▶ **Goal of the exercise**: Pictures appear among the records below and must be omitted. Repeat exactly the lines from the line with "Attention Niners fans!!" to the line with "농업활동을 통해 식품안전, 환경보전, 농촌유지", both included.

▶ **Data for review**:
● ● ● ● ●
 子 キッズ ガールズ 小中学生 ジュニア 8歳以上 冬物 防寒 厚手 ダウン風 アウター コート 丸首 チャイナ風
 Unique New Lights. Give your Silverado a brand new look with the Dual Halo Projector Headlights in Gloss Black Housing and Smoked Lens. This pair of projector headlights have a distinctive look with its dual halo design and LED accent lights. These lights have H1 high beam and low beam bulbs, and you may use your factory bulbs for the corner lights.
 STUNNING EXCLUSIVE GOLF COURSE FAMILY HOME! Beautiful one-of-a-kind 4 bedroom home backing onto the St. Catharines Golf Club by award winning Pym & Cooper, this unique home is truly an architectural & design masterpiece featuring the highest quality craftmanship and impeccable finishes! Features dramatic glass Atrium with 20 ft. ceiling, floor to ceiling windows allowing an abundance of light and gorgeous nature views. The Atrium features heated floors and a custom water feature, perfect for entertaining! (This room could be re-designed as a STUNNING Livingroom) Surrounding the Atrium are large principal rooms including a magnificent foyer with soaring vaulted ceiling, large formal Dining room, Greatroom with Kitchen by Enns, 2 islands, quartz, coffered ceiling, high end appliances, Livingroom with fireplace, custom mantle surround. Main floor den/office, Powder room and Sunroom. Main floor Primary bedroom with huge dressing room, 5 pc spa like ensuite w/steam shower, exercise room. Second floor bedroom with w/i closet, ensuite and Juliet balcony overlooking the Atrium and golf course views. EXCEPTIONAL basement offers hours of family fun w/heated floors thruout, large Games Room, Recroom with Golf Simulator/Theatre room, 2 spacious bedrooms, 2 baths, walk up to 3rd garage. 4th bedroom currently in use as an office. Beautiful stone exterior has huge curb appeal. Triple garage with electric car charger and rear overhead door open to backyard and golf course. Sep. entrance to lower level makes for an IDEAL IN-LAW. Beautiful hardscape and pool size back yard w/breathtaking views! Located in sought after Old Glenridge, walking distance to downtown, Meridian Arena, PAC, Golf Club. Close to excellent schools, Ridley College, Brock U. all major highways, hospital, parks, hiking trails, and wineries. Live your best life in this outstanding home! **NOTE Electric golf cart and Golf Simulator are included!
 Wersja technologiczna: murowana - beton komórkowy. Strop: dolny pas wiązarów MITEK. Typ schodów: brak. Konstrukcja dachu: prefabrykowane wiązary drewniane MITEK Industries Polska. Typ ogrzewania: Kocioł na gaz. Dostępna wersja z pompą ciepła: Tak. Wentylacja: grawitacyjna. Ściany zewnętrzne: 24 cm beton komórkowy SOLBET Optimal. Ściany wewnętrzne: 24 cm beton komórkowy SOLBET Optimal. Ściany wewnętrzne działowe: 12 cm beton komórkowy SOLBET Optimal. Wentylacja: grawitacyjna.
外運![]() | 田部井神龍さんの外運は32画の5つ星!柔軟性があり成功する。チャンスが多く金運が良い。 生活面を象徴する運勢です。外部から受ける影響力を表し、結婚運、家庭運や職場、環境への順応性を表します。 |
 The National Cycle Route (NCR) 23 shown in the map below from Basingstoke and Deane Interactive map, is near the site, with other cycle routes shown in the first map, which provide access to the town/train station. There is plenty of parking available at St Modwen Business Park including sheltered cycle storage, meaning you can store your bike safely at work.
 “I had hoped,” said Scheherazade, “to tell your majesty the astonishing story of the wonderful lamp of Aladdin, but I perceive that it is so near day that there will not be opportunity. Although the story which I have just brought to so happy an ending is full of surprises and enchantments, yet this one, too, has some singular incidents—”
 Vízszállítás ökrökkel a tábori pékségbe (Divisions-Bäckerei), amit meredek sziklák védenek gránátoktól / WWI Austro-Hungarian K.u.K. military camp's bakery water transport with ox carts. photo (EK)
● ● ● ● ●
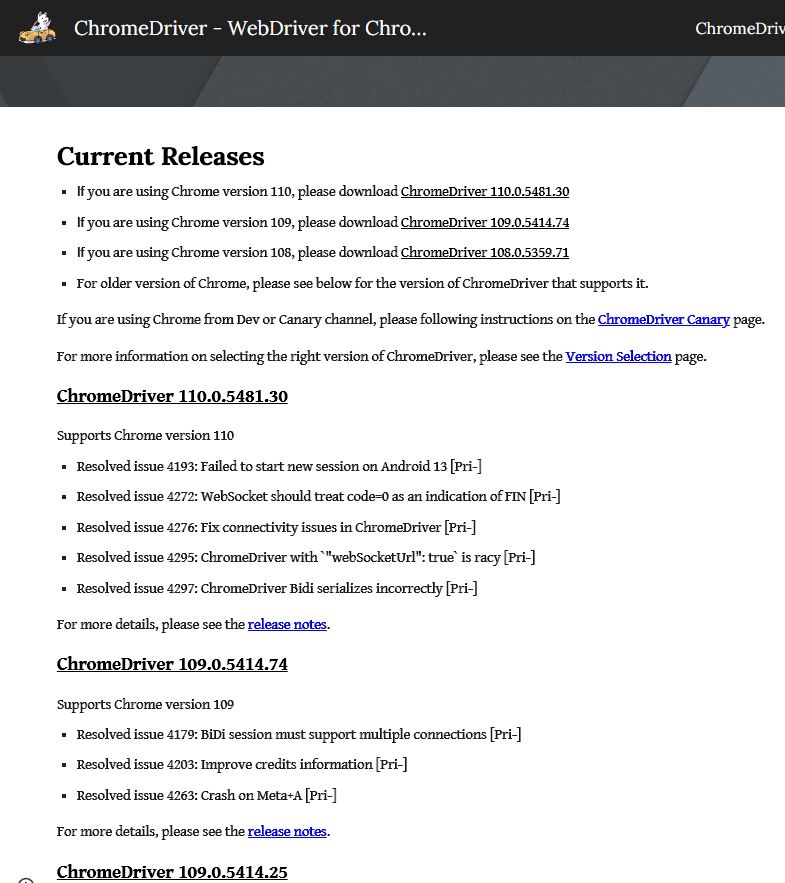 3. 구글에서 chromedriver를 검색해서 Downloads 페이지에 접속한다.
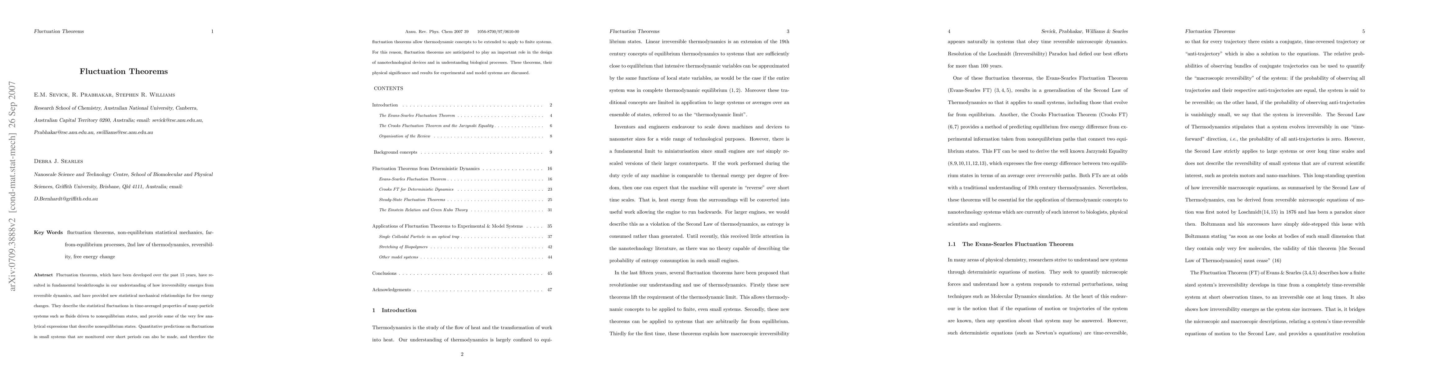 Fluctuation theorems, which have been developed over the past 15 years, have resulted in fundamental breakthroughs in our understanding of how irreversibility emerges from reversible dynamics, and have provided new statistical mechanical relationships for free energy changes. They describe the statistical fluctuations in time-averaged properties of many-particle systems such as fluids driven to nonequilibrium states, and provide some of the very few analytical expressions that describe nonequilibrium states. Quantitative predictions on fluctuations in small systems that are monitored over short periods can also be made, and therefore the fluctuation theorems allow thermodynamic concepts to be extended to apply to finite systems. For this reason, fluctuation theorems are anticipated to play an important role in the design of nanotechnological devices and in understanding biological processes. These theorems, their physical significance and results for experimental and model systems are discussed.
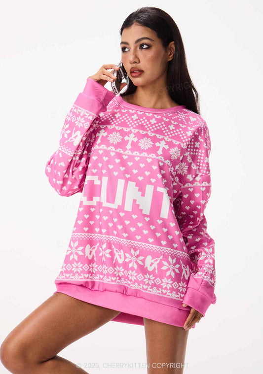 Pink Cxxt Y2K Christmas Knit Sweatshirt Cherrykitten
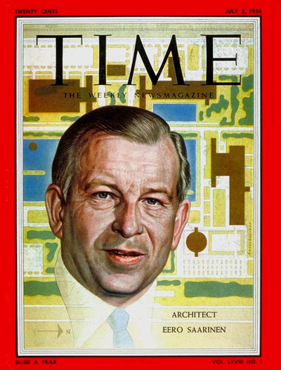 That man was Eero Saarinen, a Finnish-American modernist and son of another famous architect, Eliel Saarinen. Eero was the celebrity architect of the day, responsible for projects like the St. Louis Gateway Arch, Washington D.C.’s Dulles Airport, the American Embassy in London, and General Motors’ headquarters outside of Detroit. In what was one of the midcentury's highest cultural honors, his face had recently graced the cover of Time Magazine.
● ● ● ● ●
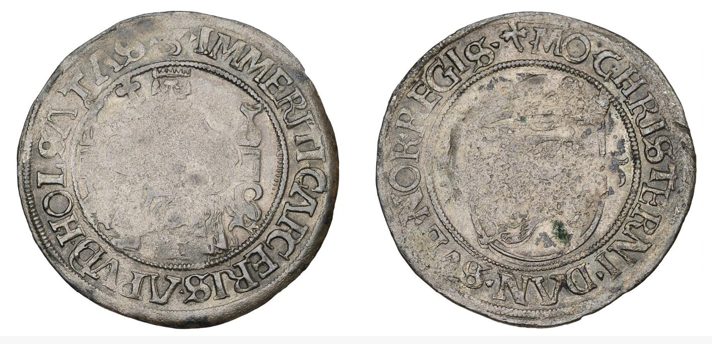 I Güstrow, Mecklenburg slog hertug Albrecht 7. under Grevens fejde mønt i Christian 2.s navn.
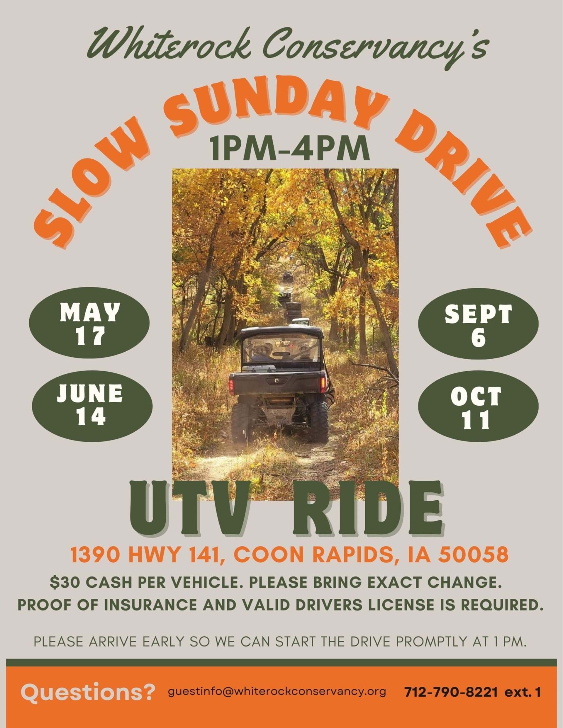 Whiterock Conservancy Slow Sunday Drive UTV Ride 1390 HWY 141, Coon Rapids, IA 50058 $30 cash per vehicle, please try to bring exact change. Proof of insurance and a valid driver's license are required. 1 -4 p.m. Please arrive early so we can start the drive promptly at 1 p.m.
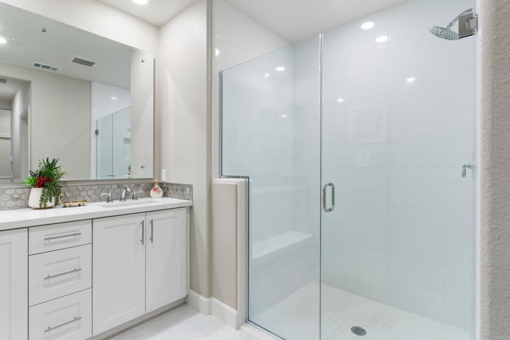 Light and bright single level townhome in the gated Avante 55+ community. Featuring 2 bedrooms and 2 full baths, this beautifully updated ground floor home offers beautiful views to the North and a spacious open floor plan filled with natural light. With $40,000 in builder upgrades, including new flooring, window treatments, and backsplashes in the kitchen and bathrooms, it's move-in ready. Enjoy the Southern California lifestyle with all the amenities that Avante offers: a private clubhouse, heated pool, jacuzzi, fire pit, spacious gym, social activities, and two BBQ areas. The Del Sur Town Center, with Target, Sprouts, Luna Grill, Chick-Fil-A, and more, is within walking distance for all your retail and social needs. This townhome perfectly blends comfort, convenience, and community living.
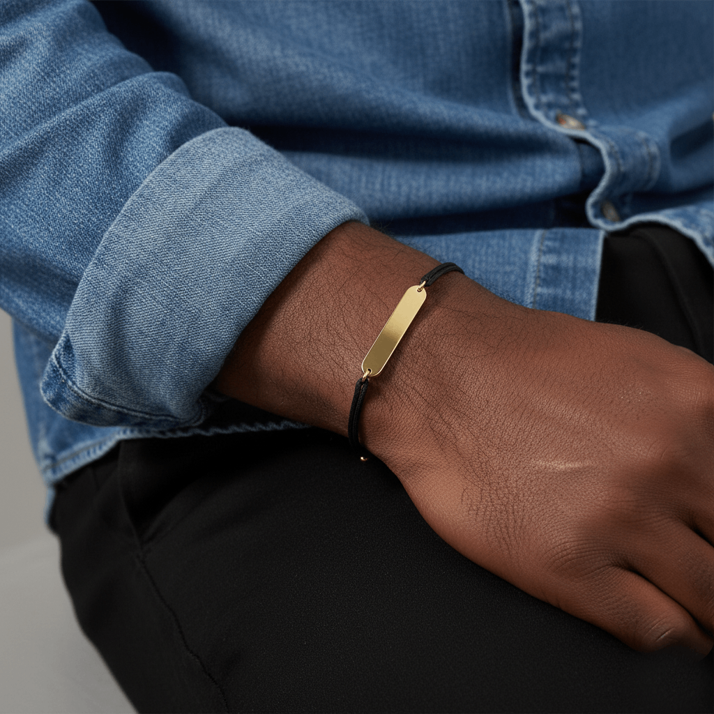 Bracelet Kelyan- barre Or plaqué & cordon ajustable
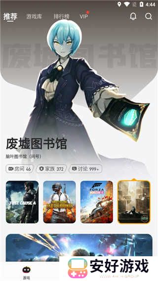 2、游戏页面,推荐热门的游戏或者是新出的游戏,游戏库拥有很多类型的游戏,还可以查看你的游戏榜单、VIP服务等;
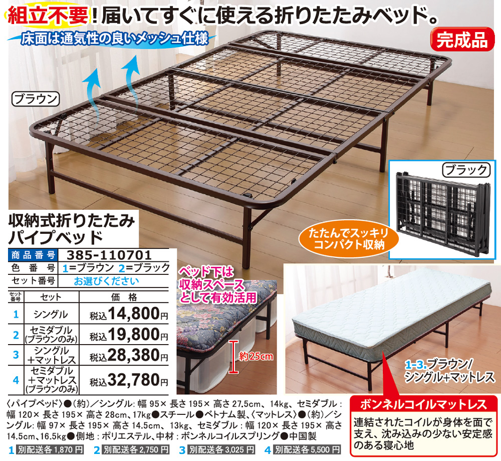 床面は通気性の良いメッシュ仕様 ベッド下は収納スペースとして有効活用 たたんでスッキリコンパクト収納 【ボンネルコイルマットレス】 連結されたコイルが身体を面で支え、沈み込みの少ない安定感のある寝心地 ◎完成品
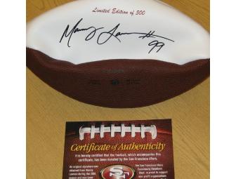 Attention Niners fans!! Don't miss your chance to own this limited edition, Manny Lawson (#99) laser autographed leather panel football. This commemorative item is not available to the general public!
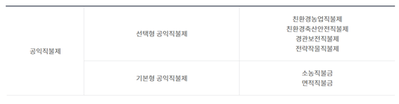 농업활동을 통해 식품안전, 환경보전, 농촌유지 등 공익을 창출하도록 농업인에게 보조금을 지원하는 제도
● ● ● ● ●
▶ **Completed task**:
 Attention Niners fans!! Don't miss your chance to own this limited edition, Manny Lawson (#99) laser autographed leather panel football. This commemorative item is not available to the general public!
 농업활동을 통해 식품안전, 환경보전, 농촌유지 등 공익을 창출하도록 농업인에게 보조금을 지원하는 제도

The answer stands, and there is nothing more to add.